→ **What you have to do**
Each line below from the line with "現以排污口LT8截流改造為例,說明智能分流井在排口改造中的應用。如圖3、圖4所示,現狀排水口尺寸為 BxH=4 500" to the line with "9月15日上午,我校在雁塔校" must be copied exactly, including those two, and no picture may appear in the copy.

---------- Given records

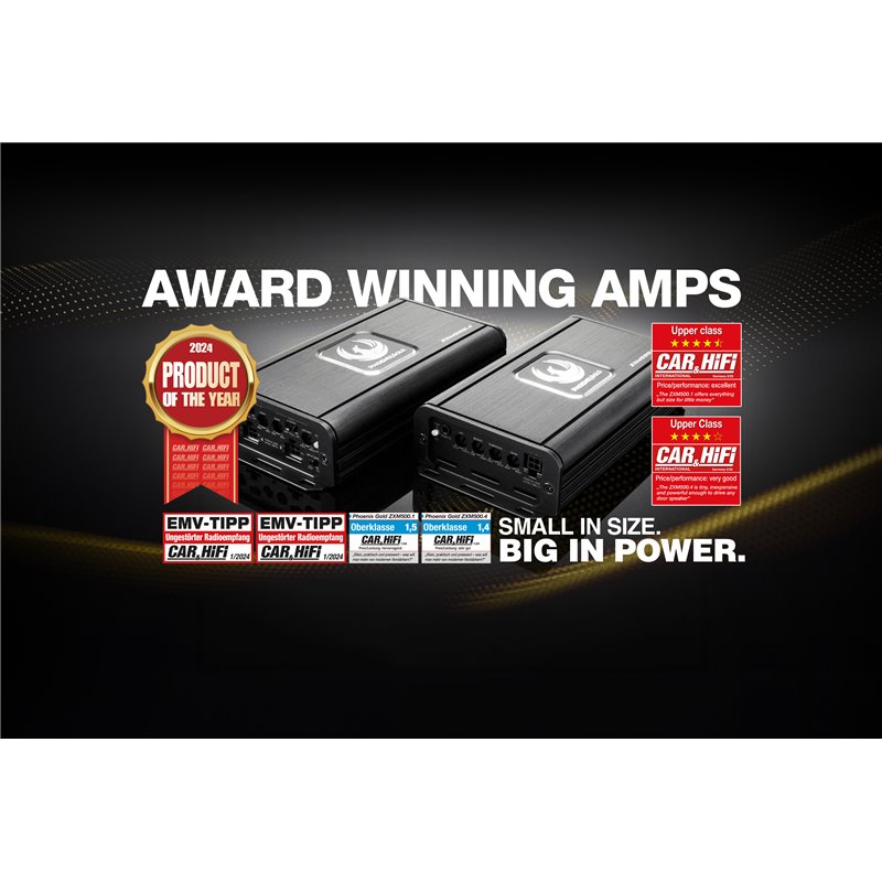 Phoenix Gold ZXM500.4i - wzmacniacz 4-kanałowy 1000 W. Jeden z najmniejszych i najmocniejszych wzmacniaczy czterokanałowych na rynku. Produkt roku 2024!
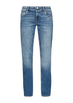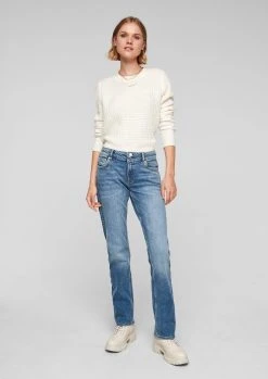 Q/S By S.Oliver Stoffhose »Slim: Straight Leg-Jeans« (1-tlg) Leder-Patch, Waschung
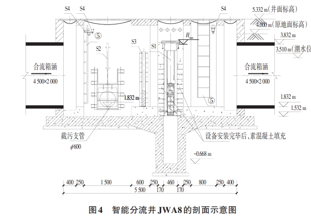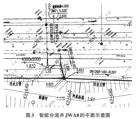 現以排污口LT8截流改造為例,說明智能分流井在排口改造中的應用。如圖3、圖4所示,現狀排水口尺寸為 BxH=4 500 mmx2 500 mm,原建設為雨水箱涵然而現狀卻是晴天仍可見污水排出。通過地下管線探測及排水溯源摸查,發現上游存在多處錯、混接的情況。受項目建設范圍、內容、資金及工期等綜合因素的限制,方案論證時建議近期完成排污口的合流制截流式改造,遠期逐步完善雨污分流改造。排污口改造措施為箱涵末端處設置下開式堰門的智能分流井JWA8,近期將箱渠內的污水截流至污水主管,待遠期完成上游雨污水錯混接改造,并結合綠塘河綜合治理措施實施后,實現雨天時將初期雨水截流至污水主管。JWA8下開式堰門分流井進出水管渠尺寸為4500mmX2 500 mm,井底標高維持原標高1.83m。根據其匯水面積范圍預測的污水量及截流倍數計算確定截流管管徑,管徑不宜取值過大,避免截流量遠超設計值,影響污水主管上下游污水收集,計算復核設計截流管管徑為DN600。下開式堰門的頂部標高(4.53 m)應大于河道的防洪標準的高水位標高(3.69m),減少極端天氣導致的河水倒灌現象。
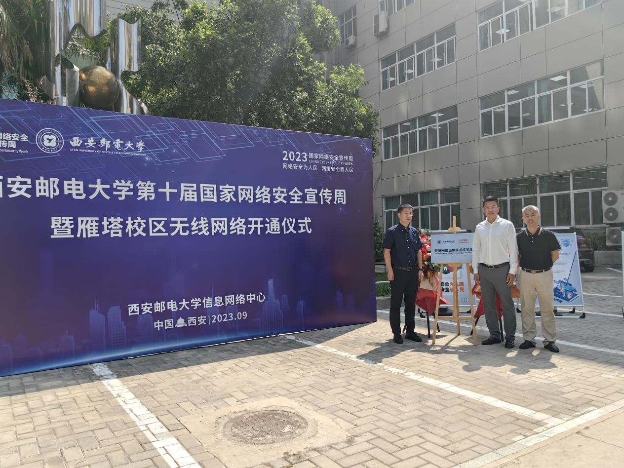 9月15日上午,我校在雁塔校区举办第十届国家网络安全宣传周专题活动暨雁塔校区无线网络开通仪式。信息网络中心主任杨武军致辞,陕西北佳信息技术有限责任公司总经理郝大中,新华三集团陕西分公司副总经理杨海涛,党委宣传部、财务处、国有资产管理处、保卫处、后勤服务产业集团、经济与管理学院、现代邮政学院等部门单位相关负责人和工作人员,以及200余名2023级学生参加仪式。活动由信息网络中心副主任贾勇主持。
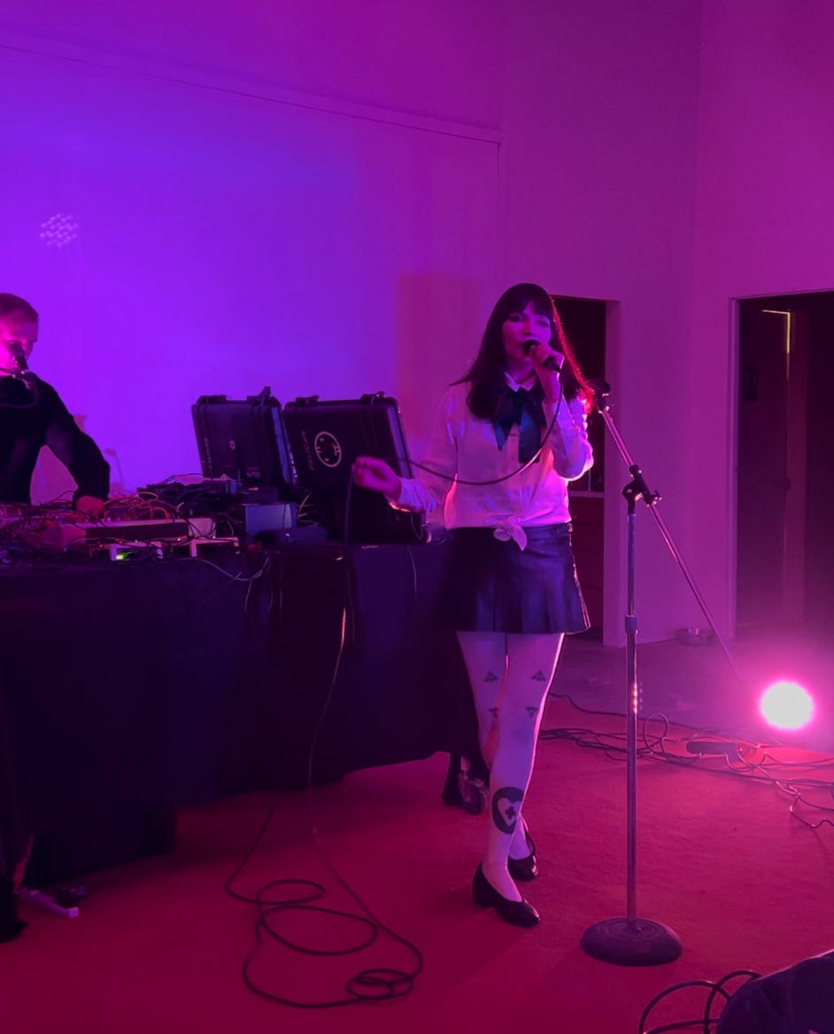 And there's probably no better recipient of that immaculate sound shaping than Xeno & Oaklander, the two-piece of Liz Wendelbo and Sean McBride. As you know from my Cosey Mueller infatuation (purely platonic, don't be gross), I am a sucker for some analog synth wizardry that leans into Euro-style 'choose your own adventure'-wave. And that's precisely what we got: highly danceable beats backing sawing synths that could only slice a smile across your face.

--------------------

→ **Finished task**
 現以排污口LT8截流改造為例,說明智能分流井在排口改造中的應用。如圖3、圖4所示,現狀排水口尺寸為 BxH=4 500 mmx2 500 mm,原建設為雨水箱涵然而現狀卻是晴天仍可見污水排出。通過地下管線探測及排水溯源摸查,發現上游存在多處錯、混接的情況。受項目建設范圍、內容、資金及工期等綜合因素的限制,方案論證時建議近期完成排污口的合流制截流式改造,遠期逐步完善雨污分流改造。排污口改造措施為箱涵末端處設置下開式堰門的智能分流井JWA8,近期將箱渠內的污水截流至污水主管,待遠期完成上游雨污水錯混接改造,并結合綠塘河綜合治理措施實施后,實現雨天時將初期雨水截流至污水主管。JWA8下開式堰門分流井進出水管渠尺寸為4500mmX2 500 mm,井底標高維持原標高1.83m。根據其匯水面積范圍預測的污水量及截流倍數計算確定截流管管徑,管徑不宜取值過大,避免截流量遠超設計值,影響污水主管上下游污水收集,計算復核設計截流管管徑為DN600。下開式堰門的頂部標高(4.53 m)應大于河道的防洪標準的高水位標高(3.69m),減少極端天氣導致的河水倒灌現象。
 9月15日上午,我校在雁塔校区举办第十届国家网络安全宣传周专题活动暨雁塔校区无线网络开通仪式。信息网络中心主任杨武军致辞,陕西北佳信息技术有限责任公司总经理郝大中,新华三集团陕西分公司副总经理杨海涛,党委宣传部、财务处、国有资产管理处、保卫处、后勤服务产业集团、经济与管理学院、现代邮政学院等部门单位相关负责人和工作人员,以及200余名2023级学生参加仪式。活动由信息网络中心副主任贾勇主持。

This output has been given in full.